# Lamborghini LP560-4 - AutoBling



## orion613719 (May 12, 2009)

let us see a video first, maybe many people already seen at TopGear...






paint the new frame first, we spend lots of time for masking.









then paint the cover:

















the color is so difficult!

















During this time, many lambo got accidents...

















then, recover all parts.









Cleaning and polishing.

















finish:


----------



## WashMitt (May 27, 2010)

Background please,

Was this your car, was you driving? Did you just do the reinstatement work?

Most importantly wtf!!!!


----------



## orion613719 (May 12, 2009)

WashMitt said:


> Was this your car


Maybe



WashMitt said:


> was you driving?


Maybe



WashMitt said:


> Did you just do the reinstatement work?


Maybe



WashMitt said:


> Most importantly wtf!!!!


Maybe is not important


----------



## streaky (Dec 2, 2006)

I think you had a boo boo!


----------



## orion613719 (May 12, 2009)

streaky said:


> I think you had a boo boo!


This is my boo boo:










*LP800-4*


----------



## Jack (May 14, 2007)

Video- lol thats what you get for driving like an idiot and risking other peoples lifes, thats what race tracks are for.

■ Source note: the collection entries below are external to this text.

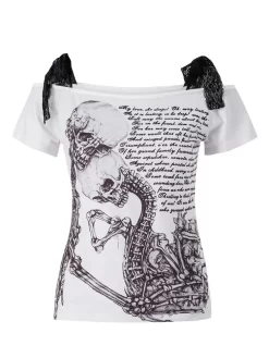 2024 Summer Women T-shirt Vintage Skull Print Gothic Grunge Y2K Tee Tops Off Shoulder Tie-up Short Sleeve Shirts Casual
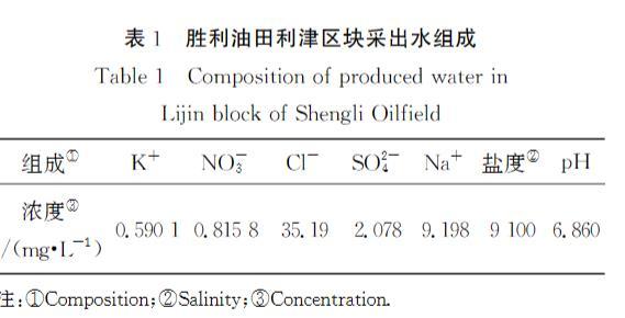 實(shí)驗(yàn)試劑:葡萄糖、檸檬酸鈉、酵母粉、KH2PO4、(NH4)2SO4、MgSO4·7H2O、乙酸乙酯為分析純,購自國藥集團(tuán)化學(xué)試劑有限公司;正己烷為優(yōu)級(jí)純,購自Merck公司;二氯甲烷為優(yōu)級(jí)純,購自B&J公司;正構(gòu)烷烴混合標(biāo)準(zhǔn):C8—C40包含異構(gòu)烷烴姥鮫烷和植烷,購自Accustandard公司;層析硅膠(100~200目)及硅膠層析板購自青島海洋化工廠;原油采集自中國石化勝利油田有限公司利津區(qū)塊;降解實(shí)驗(yàn)用水根據(jù)勝利油田利津區(qū)塊采出水組成配置(見表1),采出水中pH、鹽度用多參數(shù)儀(Manta3.0,Eureka,美國)測(cè)定,K+、NO-3、Cl-、SO2-4、Na+等離子依據(jù)SY/T5523—2016《油田水分析方法》中給出的檢測(cè)方法檢測(cè)。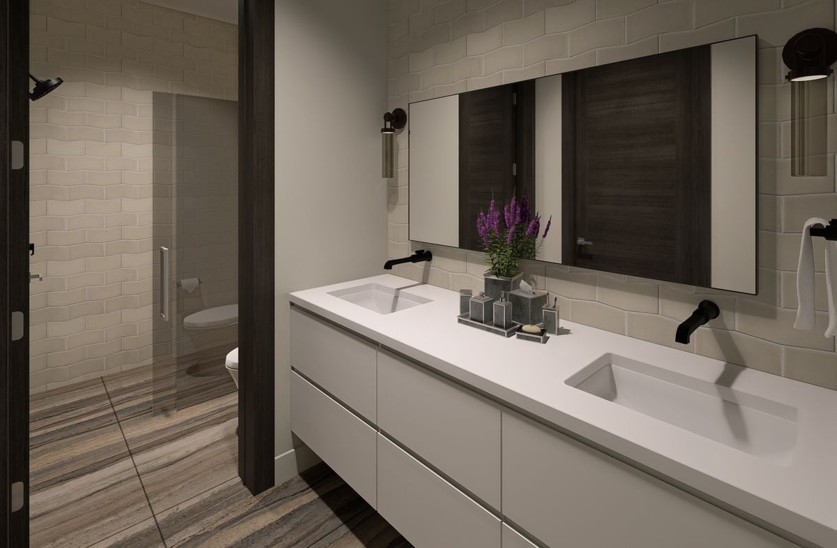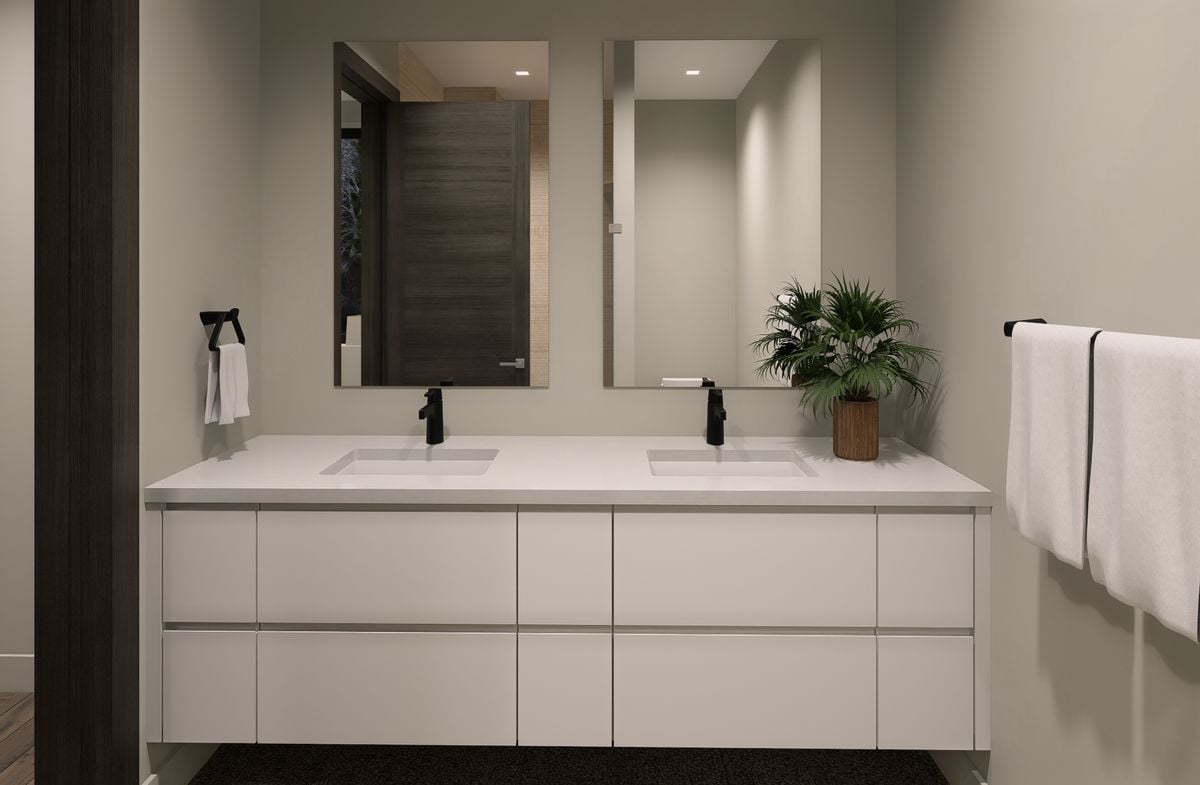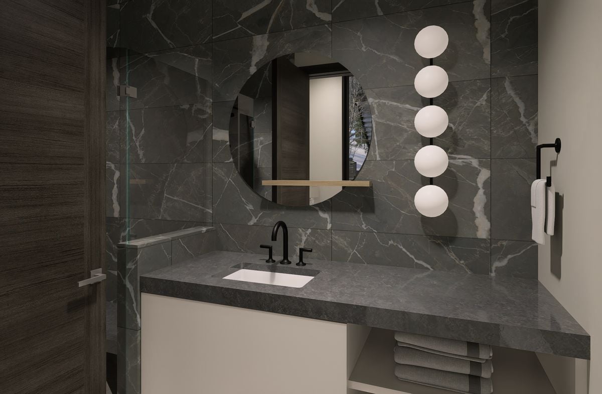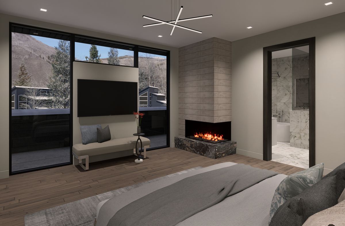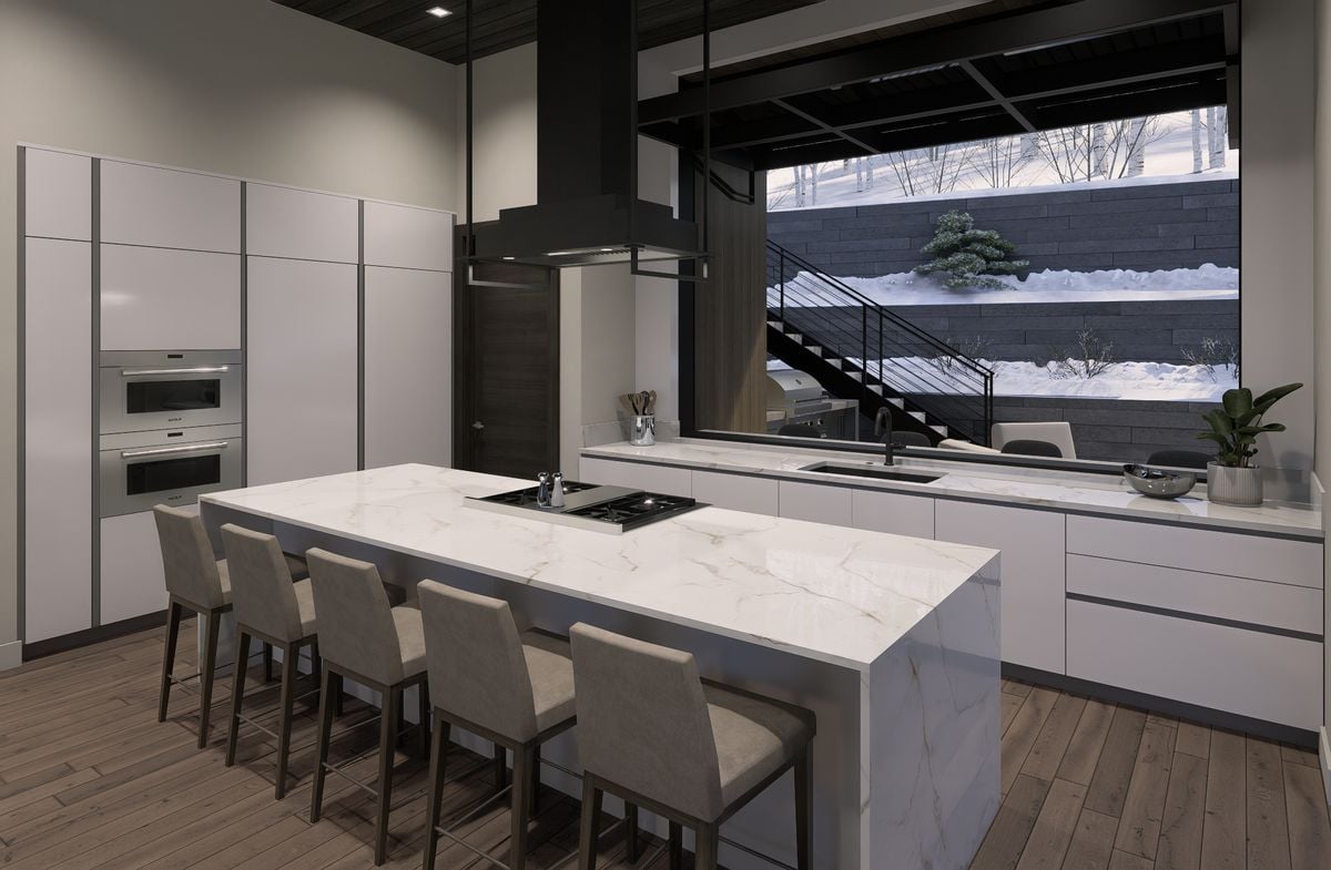 The main level is anchored by an open-concept great room with a fireplace, sculptural lighting, and expansive glass that draws natural light inward while maintaining privacy and connection to the ski environment. The chef’s kitchen balances performance and design with custom Italian cabinetry, Calacatta-inspired slab countertops, and a handcrafted Raw Urth steel range hood that serves as a sculptural focal point. Sub-Zero, Wolf, and Cove appliances are seamlessly integrated throughout.

Car - Nice, like the colour


----------



## Samh92 (Aug 30, 2012)

Skills or luck getting out without causing harm...... You decide


----------



## orion613719 (May 12, 2009)

Lambo is wild beast, tame it carefully...


----------



## durmz (Nov 2, 2010)

Samh92 said:


> Skills or luck getting out without causing harm...... You decide


Skill? Did you see a different video to me? I saw a muppet lose control on a public road

Paint job however looks top draw


----------



## WashMitt (May 27, 2010)

I like the sound effects, it sounds like a Kung fu movie


----------



## orion613719 (May 12, 2009)

durmz said:


> Skill? Did you see a different video to me? I saw a muppet lose control on a public road
> 
> Paint job however looks top draw


That guy got heavy penalty by our government...


----------



## orion613719 (May 12, 2009)

WashMitt said:


> I like the sound effects, it sounds like a Kung fu movie


yes, it is Kung fu


----------



## Nanolex (Jun 8, 2008)

Looks spot on!


----------